You question aks: “does the use of childhood memories and their interpretation by young adults who experience these memories make the research less valuable?” The answer on the whole is… yes!
As I have already stated the child… (as is already conceded in the report)… has memories mostly based upon spending most its time with the mother, ie, having a bedroom there as a base, most of its toys are there with mum since mum was more in a position to give them in the first place, being the resident parent. The child would obviously and naturally consider moms place their home and identify their life more so with mother.
These things are not as closely associated with dad, because of the historic unfairness of residency awards made to fathers. So, my point is this.. I am suggesting that because of the time factor a child’s memory is more likely to be molded and influenced by the resident parent in a possibly more enforced manner that will impinge itself more postively and show itself in later life. Most of my own memories are to do with my mother, dad was away working, so had little time for us. The point being that the parent who is present more has the most power and influence upon the child and therefore will have greater possability in inducing positive memories.

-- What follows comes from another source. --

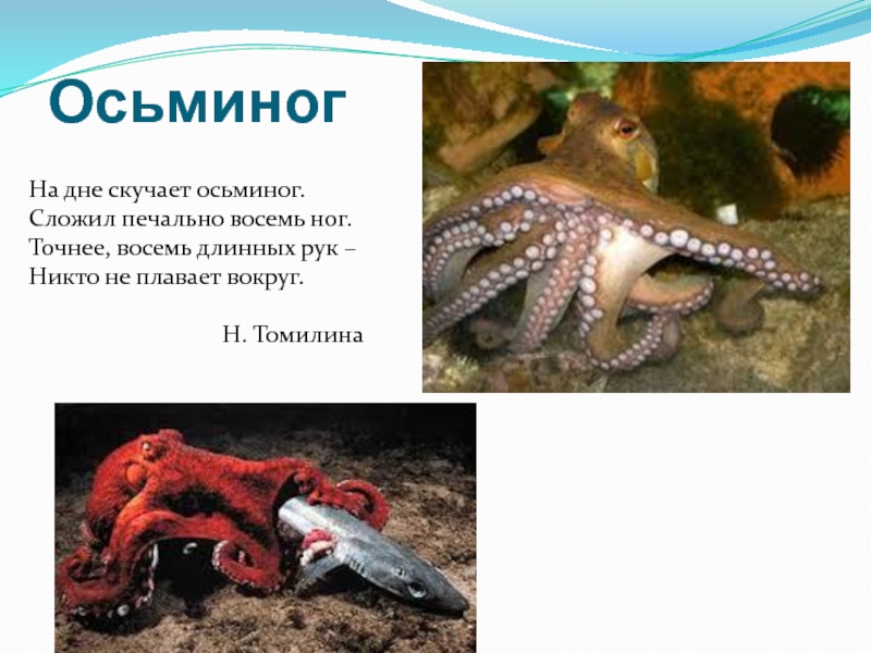 На дне скучает осьминог. Сложил печально восемь ног. Точнее, восемь длинных рук

The research cannot possibly account for this parental disparity of time spent with the child. Past memories of an adolescence are of course to be believed to a greater degree than lesser, but how often was father allowed to be around to make his input into the memory bank of his own child in the first place?
Im saying that if there had been a 50/50 split the findings of the report would have been different. Since the father is only considered the “contact parent” how is it fair to have given such weight to these kids memories that were mostly in contact with their mothers? What i’m saying should therefore come as no suprise to you, that the research did not start out from a point of fairness in the first place. It could’nt, because we fathers presently do not, as a right or by law, hold a position of equality to mothers in accessing our children in custody.
When and if we get that presumption of 50/50, and it is applied to us, then in 20 years time I hope that Jane, Joan and Lesley are still around to investigate and make another report. Im sure then our kids may be saying something completely different due to the fact that fathers will have been around them to effect ther memories more as they grow older, which we presently don’t, and why? Because mums get 97% of custody, so back to square one. And there is no way around this factor or in allowing for it in a report when most of those kids lived with their mums anyway! The results end up skewed as they have been in this report, this is why they say “the presumption” Is not safe nor in the childs interests.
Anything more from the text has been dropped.